## [Extracted data entries]
>>>

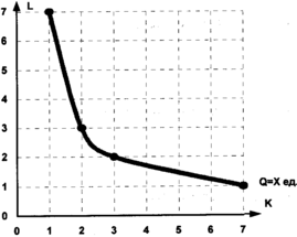 редположим, что фирма использует два переменных фактора - труд и капитал. Цена единицы труда РL составляет 2 денежные единицы, цена единицы капитала РK - 3 денежные единицы. Заданный объём выпуска достигается путём применения таких комбинаций производственных факторов, как 7L и 1K, ЗL и 2K, 2L и ЗK, 1L и 7K. На основании приведенных данных построим изокванту выпуска Х единиц продукции (рис. 5).
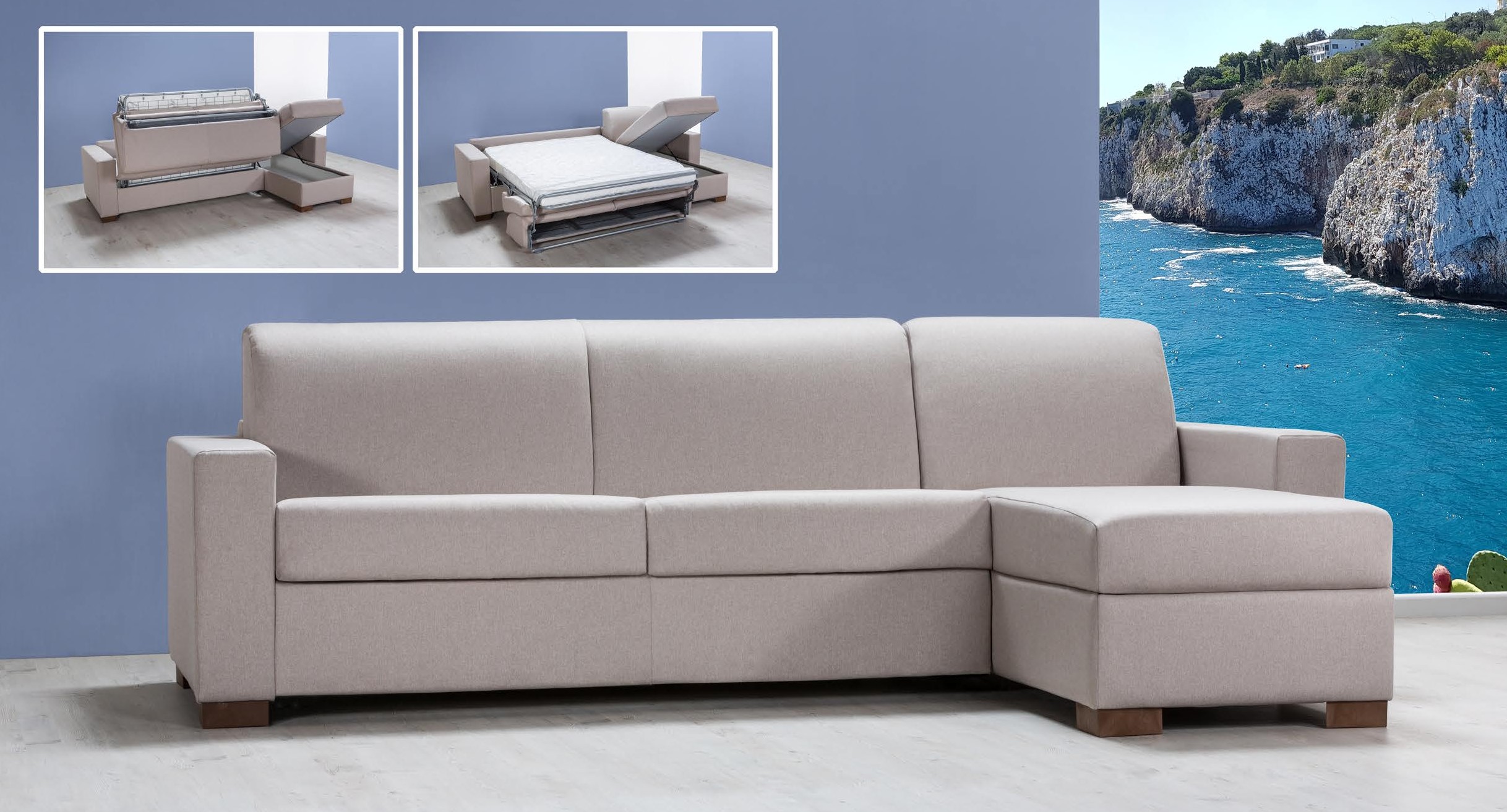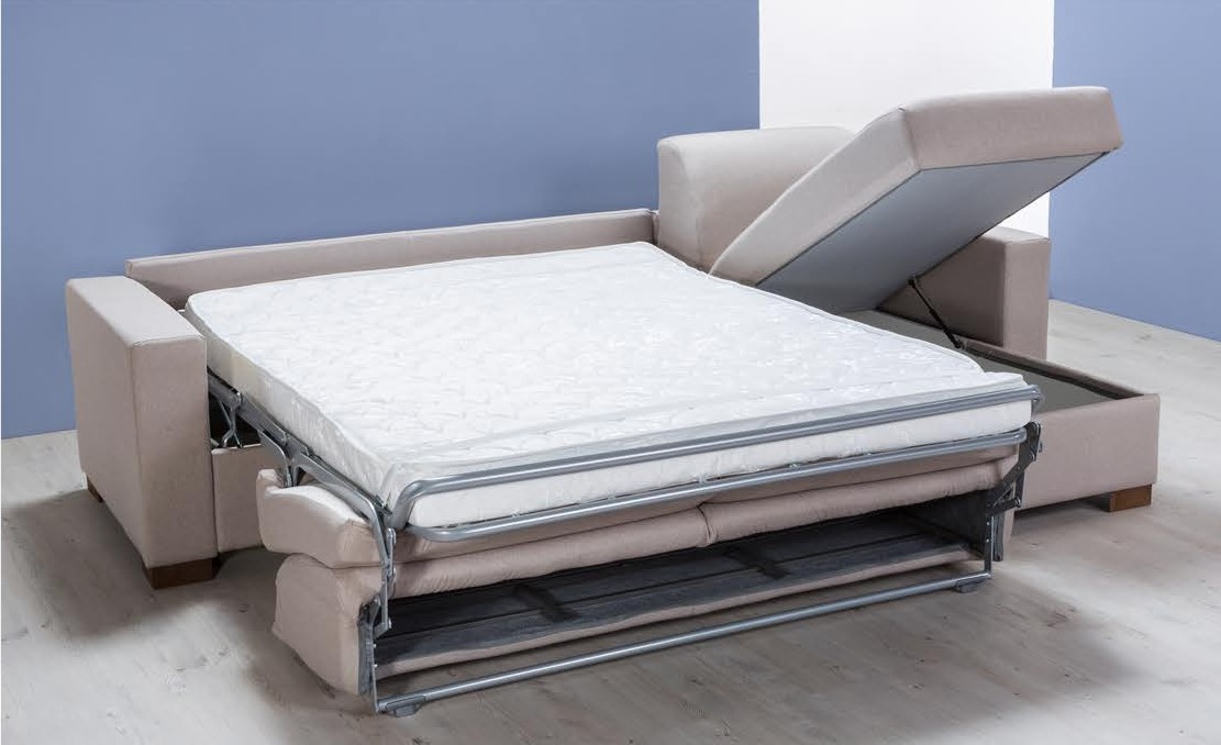 Inoltre, il divano include una rete elettrosaldata e un materasso espanso (160x190 cm, altezza 13 cm), dotato di cavità porta guanciali per maggiore praticità. La presenza della panchetta contenitore aggiunge ulteriore spazio per l'organizzazione e il risparmio di spazio.
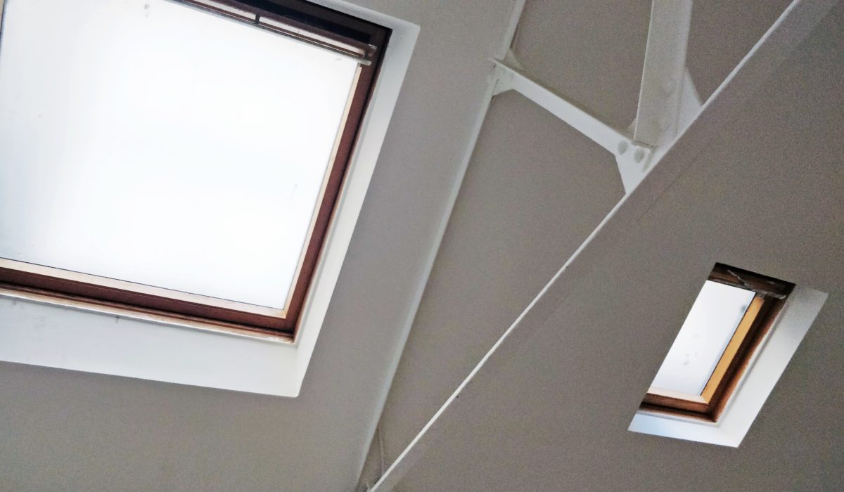 Laminate flooring throughout, high ceiling with sky-light windows, various power points.
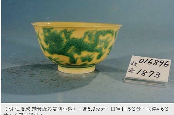 據故宮內部可查詢的資料,編號106896的〈明 弘治款 嬌黃綠彩雙龍小碗〉,高5.9公分、口徑11.5公分、底徑4.6公分,資料說明為「均侈口窄唇,深壁,矮圈足。外面彫刻雙龍戲珠,隙地加飾朵雲,底邊飾波濤紋,內面樸素無紋飾。薄胎骨,嬌黃泑,花紋加填綠彩。底均有青花書「大明弘治年製」六楷字款,外加雙圈。」
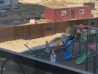 Видео на странице в Instagram разместила пользователь _ainura_omarova_. На кадрах двое мужчин развлекаются на детской площадке, в то время как две женщины снимают происходящее на камеру.
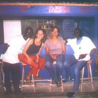 Andrea Peter, my colleague who also worked for Olympic Aid, and two local Ivoirians we met in a town called Grand Bassam, having some authentic Ivorian coffee at a local coffee bar.
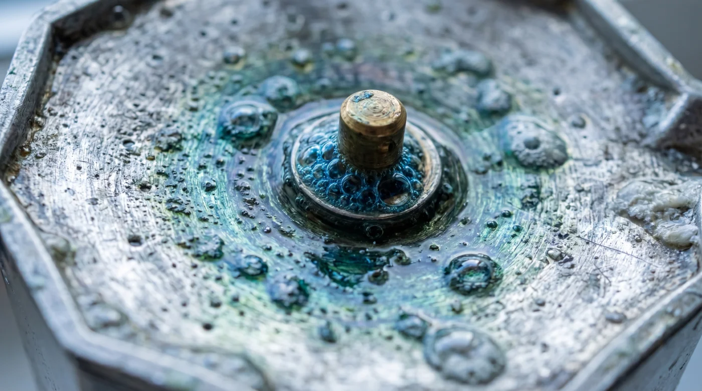 Quando l’alluminio si scalda a contatto diretto con la fiamma, i suoi pori si dilatano. Se hai strofinato la caldaia o il filtro con il sapone, i tensioattivi del detergente si sono incastrati in queste micro-cavità, concentrandosi in modo critico attorno alla filettatura e ai condotti della valvola di sicurezza. Alla successiva erogazione, l’acqua a 100°C e la pressione interna di circa 1,5 bar spingono il vapore attraverso questa barriera chimica contaminata, legando permanentemente le molecole artificiali di sapone ai delicati oli del caffè. Immagina di voler stagionare una preziosa padella in ghisa usando uno sgrassatore industriale al limone al posto del lardo. Spazzare via la pellicola scura di oli residui significa esporre il metallo crudo all’acqua bollente, innescando un’ossidazione galvanica che rovinando l’estrazione donerà un perpetuo retrogusto di moneta di rame.
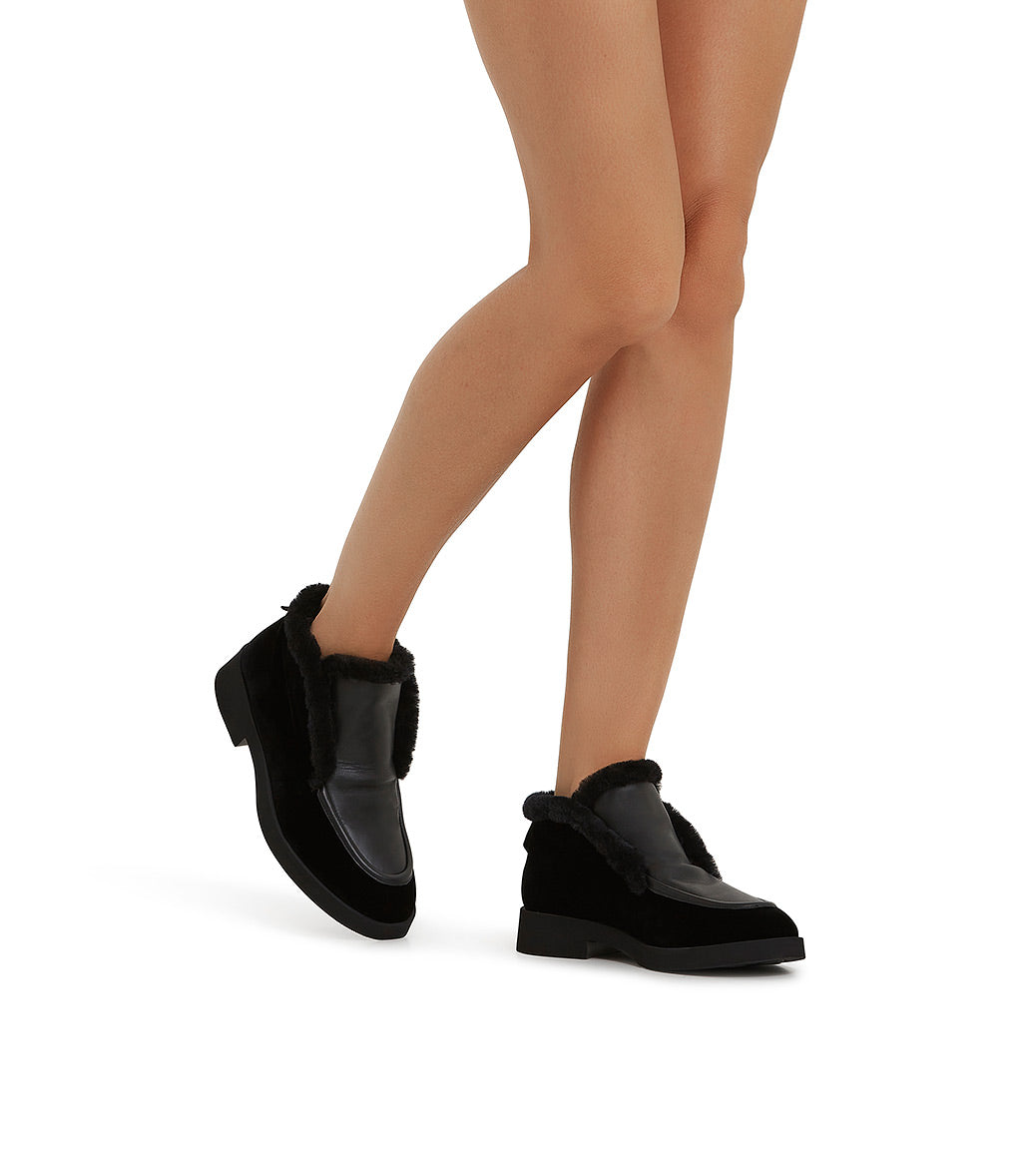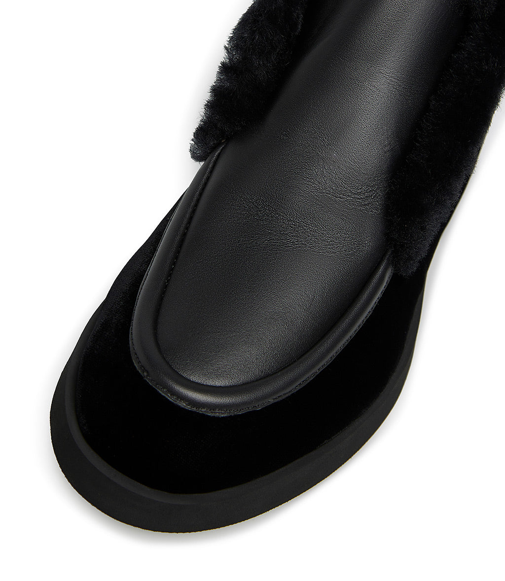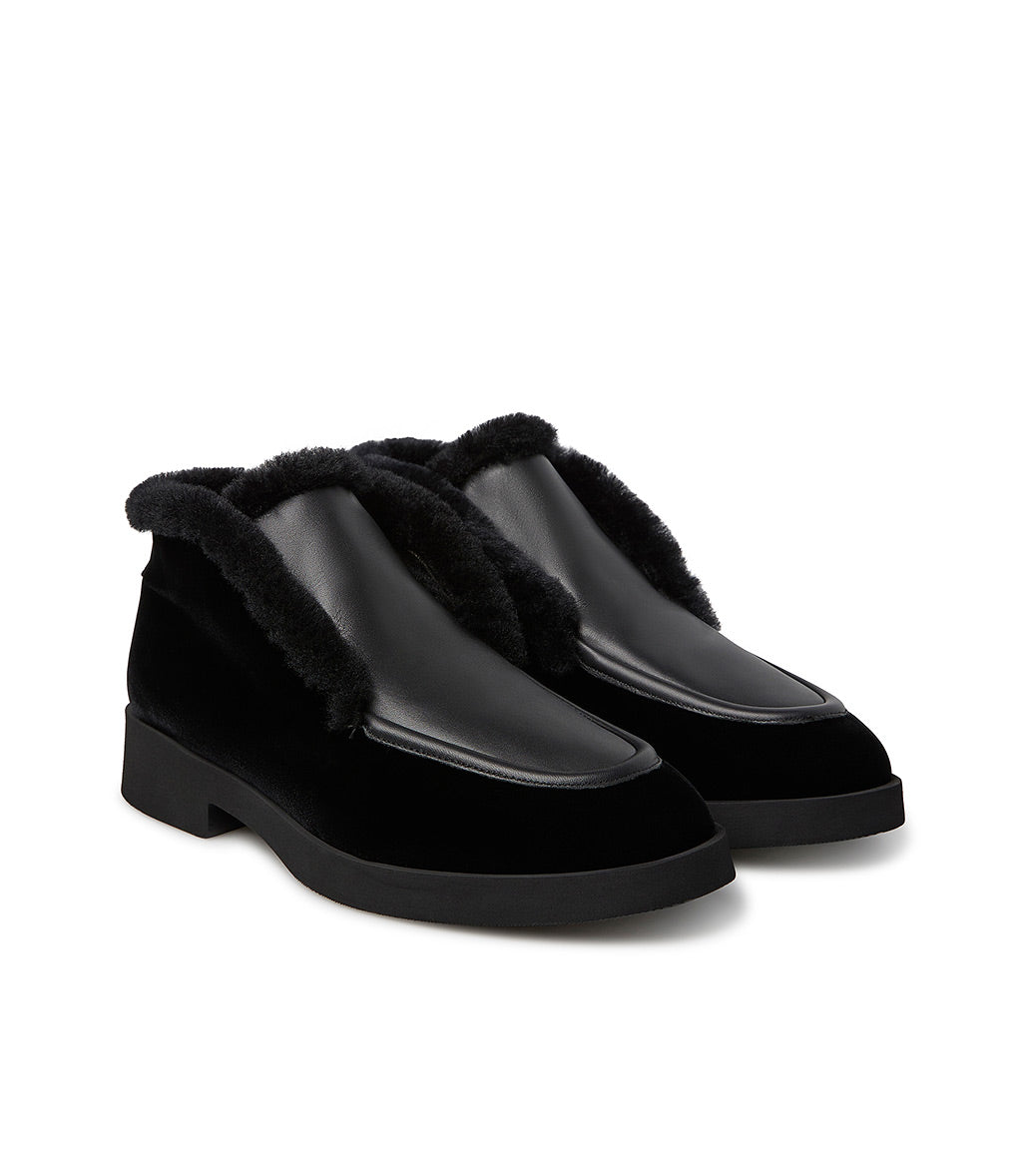 Mocassini in velluto e nappa nera. Ideali da indossare durante la stagione più fredda, sono foderati e rifiniti in caldo shearling tone-on-tone e rivelano una punta a mandorla arrotondata, la nostra distintiva medaglia dorata con logo impresso sul retro e una suola in gomma con tacco basso.
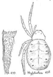Keywords: Common Spiders U.S. 498-9 Hyptiotes cavatus.png en Hyptiotes cavatus ”498 female enlarged eight times 499 end of hind leg showing calamistrum 1902 The Common Spiders of the United States Ginn Company Boston 1902 James Henry Emerton 1847 “ 1931 other versions PD-old-70-1923 The Common Spiders of the United States Uploaded with UploadWizard Hyptiotes cavatus |
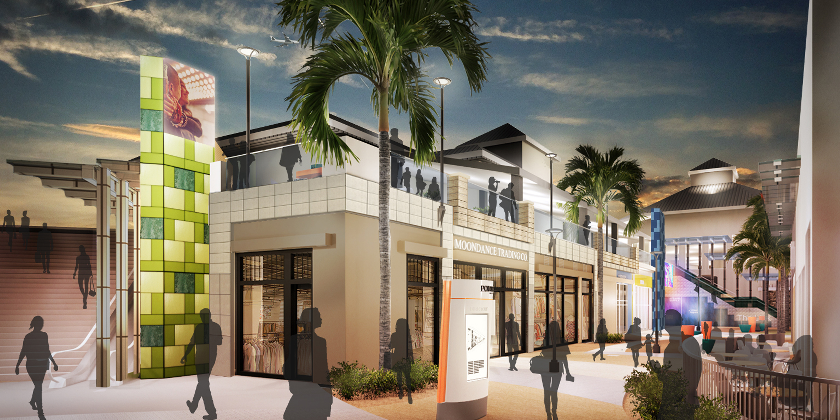 The property has great visibility fronted by International Drive to the west and Universal Drive to the east. A passageway or "Link" will be carved through a portion of the existing center, featuring lit ceilings, artistic floor patterns and retail tenant storefront on the sides to draw people through the center. Additionally, a Phase II gathering space will be created at the knuckle of this concourse near the parking deck to draw even more activity to the area.
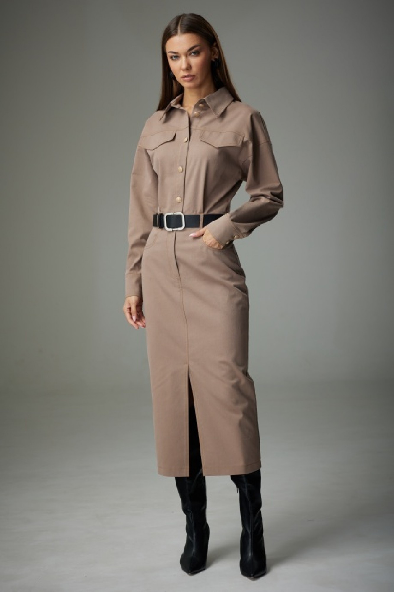 Платье выполнено из джинсовой ткани, полуприлегающего силуэта, покроя спущенное плечо, длинной за колено, зауженное к низу. Рукав длинный двушовный с манжетой по низу. Данное платье создает эффект блузы заправленной в юбку по талии. По переду и на спинке расположена горизонтальная кокетка, по спинке средний шов. По переду в шов притачивания кокетки вставлены клапаны. Горловина оформлена стояче-отложным воротником с отрезной стойкой. В верхней части переда расположена застежка-планка на пуговицы. В области талии по спинке и по переду расположен пояс-кокетка со шлевками. Нижняя часть платья оформлена как юбка – с разрезом по переду, с закругленными джинсовыми карманами в области бедер и застежкой на гульфик.
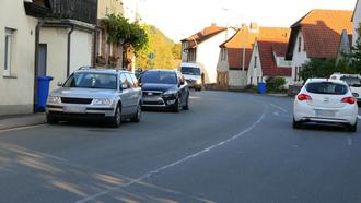Ziegelanger Ortsdurchfahrt: So wie es auf diesem Foto vorbildlich gezeigt wird, sollen auch alle anderen parkenden Autos in der Ziegelangerer Ortsdurchfahrt in Zukunft immer auf der Straße stehen und nicht den Gehweg mitbenutzen. Dies soll zur Verschmälerung der sehr breiten Straße dienen und so eine Entschleunigung des Verkehrs herbeiführen.
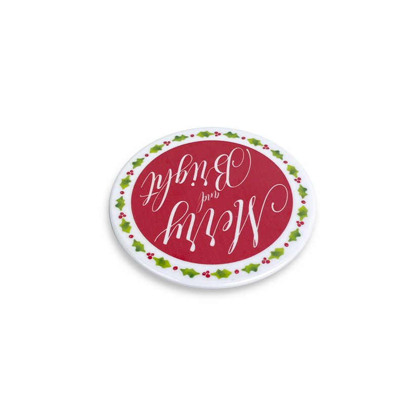 సున్నితమైన ఆకుపచ్చ హోలీ ఆకులు మరియు స్కార్లెట్ బెర్రీలు టెక్స్ట్ చుట్టూ తొంగి చూస్తాయి, ఆధునిక మెలమైన్ ట్విస్ట్తో క్లాసిక్ క్రిస్మస్ అలంకరణను ప్రతిధ్వనిస్తాయి.
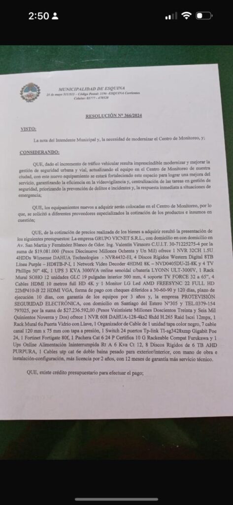 Al mediodía de este viernes, la Justicia solicitó a la Municipalidad de Esquina un informe sobre una operación puntual vinculada a la compra de equipamiento. Desde la Secretaría de Hacienda se entregó toda la documentación respaldatoria, incluyendo facturas, comprobantes, registros de ofertas y otros elementos vinculados al proceso de adquisición.
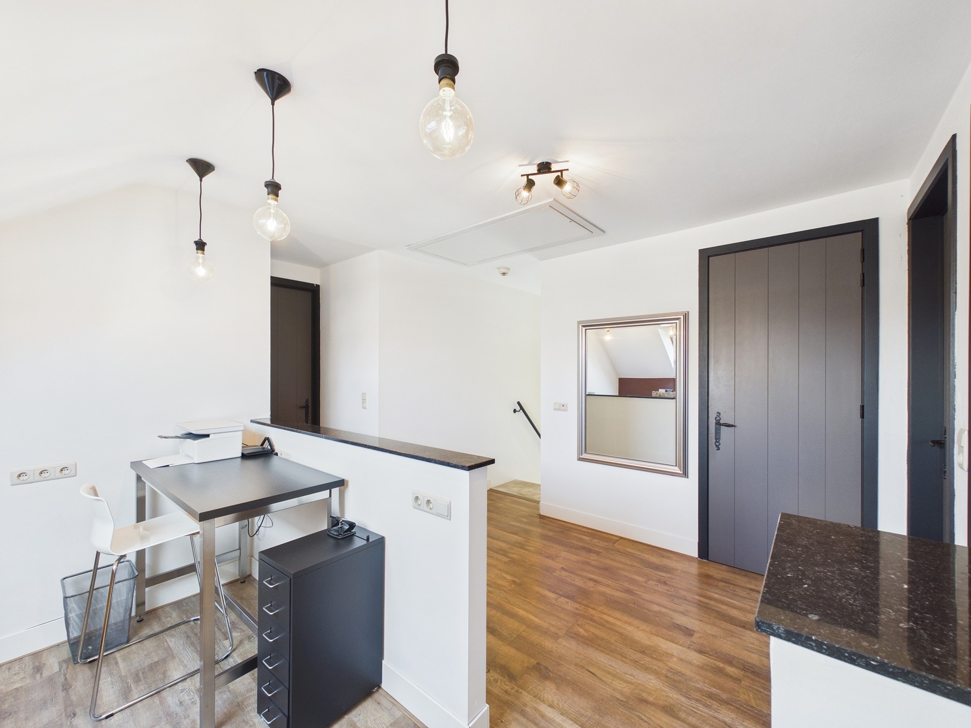 De aangrenzende multifunctionele ruimte is voor vele doeleinden geschikt. Dankzij de aanwezige wateraansluiting kan je hier perfect een praktijk- of salonruimte, kantoor, speelkamer of slaapkamer met sanitaire voorzieningen creëren. Daarnaast heeft deze ruimte een eigen ingang. De keuken, bijkeuken, gang en toiletruimte zijn voorzien van vloerverwarming.

<<<

## [Work instructions]
Copy exactly the lines from the line containing "సున్నితమైన ఆకుపచ్చ హోలీ" through the last line of the records above, both included, and leave out any pictures.

## [Output for this task]
 సున్నితమైన ఆకుపచ్చ హోలీ ఆకులు మరియు స్కార్లెట్ బెర్రీలు టెక్స్ట్ చుట్టూ తొంగి చూస్తాయి, ఆధునిక మెలమైన్ ట్విస్ట్తో క్లాసిక్ క్రిస్మస్ అలంకరణను ప్రతిధ్వనిస్తాయి.
 Al mediodía de este viernes, la Justicia solicitó a la Municipalidad de Esquina un informe sobre una operación puntual vinculada a la compra de equipamiento. Desde la Secretaría de Hacienda se entregó toda la documentación respaldatoria, incluyendo facturas, comprobantes, registros de ofertas y otros elementos vinculados al proceso de adquisición.
 De aangrenzende multifunctionele ruimte is voor vele doeleinden geschikt. Dankzij de aanwezige wateraansluiting kan je hier perfect een praktijk- of salonruimte, kantoor, speelkamer of slaapkamer met sanitaire voorzieningen creëren. Daarnaast heeft deze ruimte een eigen ingang. De keuken, bijkeuken, gang en toiletruimte zijn voorzien van vloerverwarming.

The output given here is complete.